Concepedia

TLDR

The notion of discrimination is defined solely by the joint statistics of predictor, target, and protected attribute, independent of individual feature interpretation. The authors propose a criterion for detecting and eliminating discrimination against a specified sensitive attribute in supervised learning, and analyze the limits of such oblivious bias tests. They demonstrate that, given data on predictor, target, and protected group membership, one can optimally adjust any learned predictor to remove discrimination, and outline how to implement this adjustment. The framework shifts the cost of misclassification from disadvantaged groups to decision makers, encouraging improved accuracy, and is illustrated with a FICO credit‑score case study.

Abstract

We propose a criterion for discrimination against a specified sensitive attribute in supervised learning, where the goal is to predict some target based on available features.
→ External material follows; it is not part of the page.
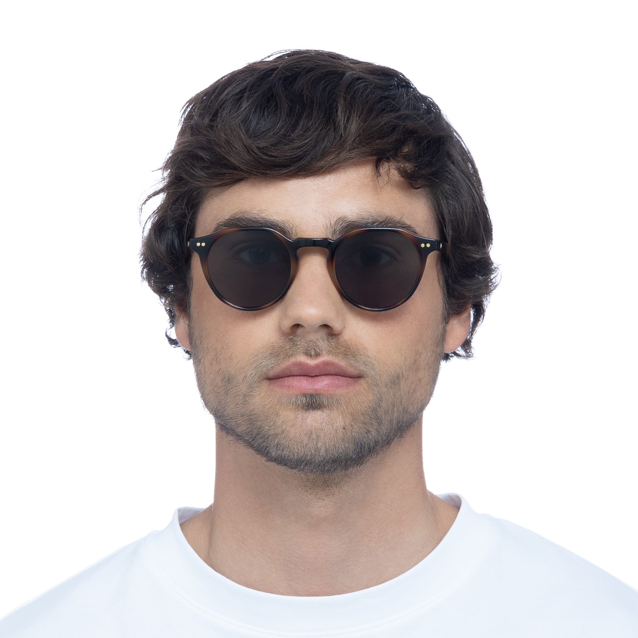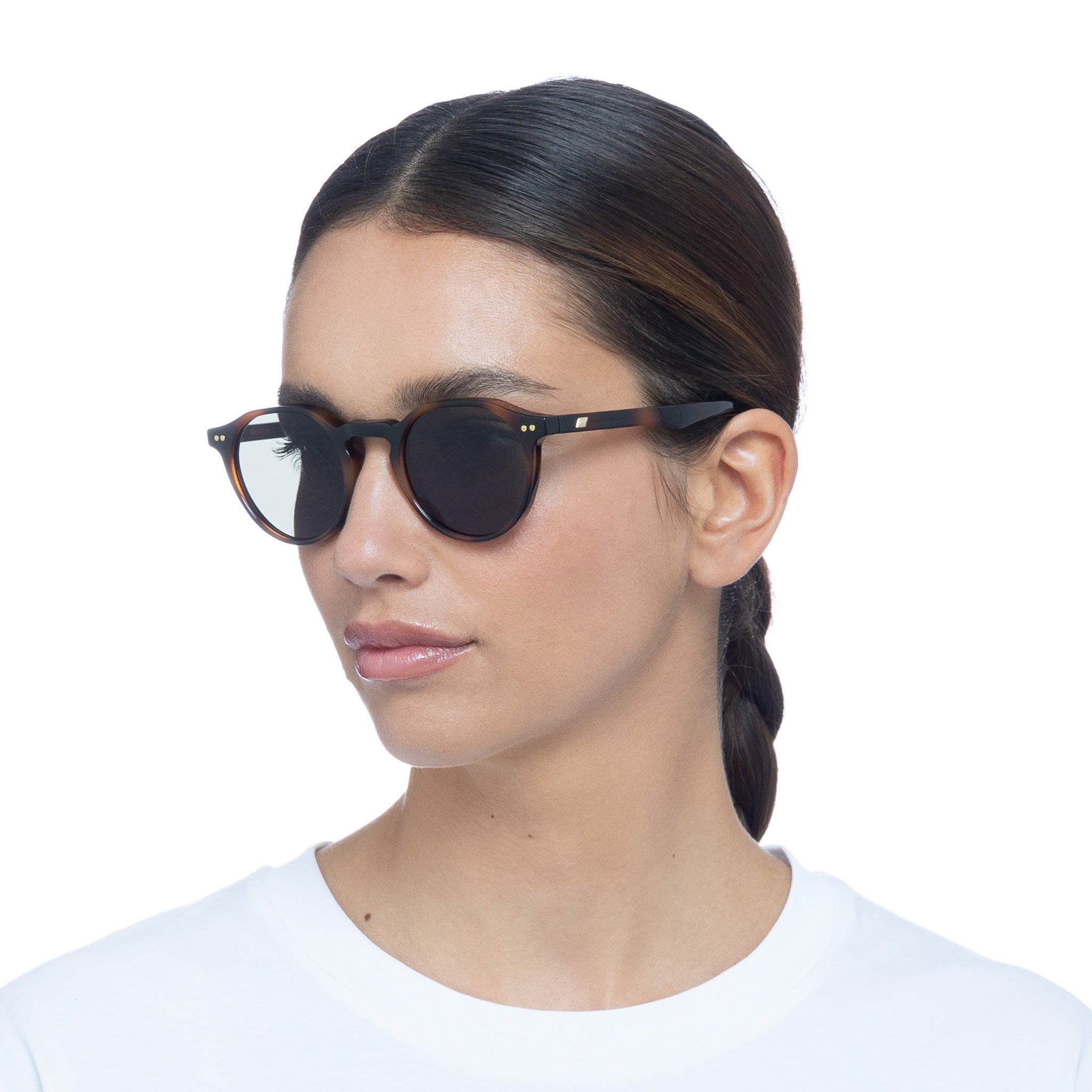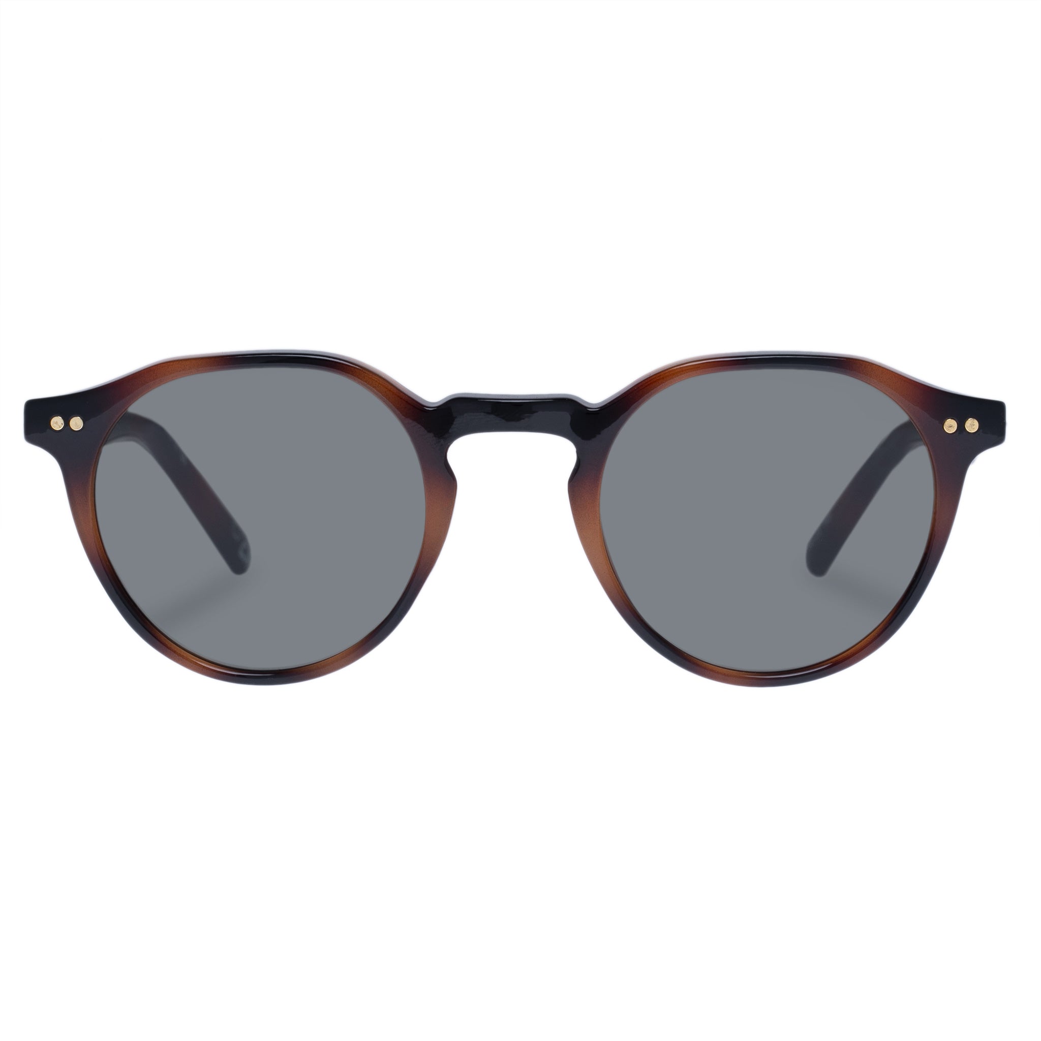 Uninhibited, carefree, and classic, our GALAVANT sunglasses are a modern update on a classic vintage silhouette. With squared-off details, this easy-to-wear round style is the perfect all-around sunglass offering a timeless aesthetic. Featuring a keyhole nose bridge and refined angles, this midsize style is finished with discreet dual rivet detailing and Le Specs flagstripe metal hardware.

Assuming data about the predictor, target, and membership in the protected group are available, we show how to optimally adjust any learned predictor so as to remove discrimination according to our definition. Our framework also improves incentives by shifting the cost of poor classification from disadvantaged groups to the decision maker, who can respond by improving the classification accuracy. In line with other studies, our notion is oblivious: it depends only on the joint statistics of the predictor, the target and the protected attribute, but not on interpretation of individualfeatures. We study the inherent limits of defining and identifying biases based on such oblivious measures, outlining what can and cannot be inferred from different oblivious tests. We illustrate our notion using a case study of FICO credit scores.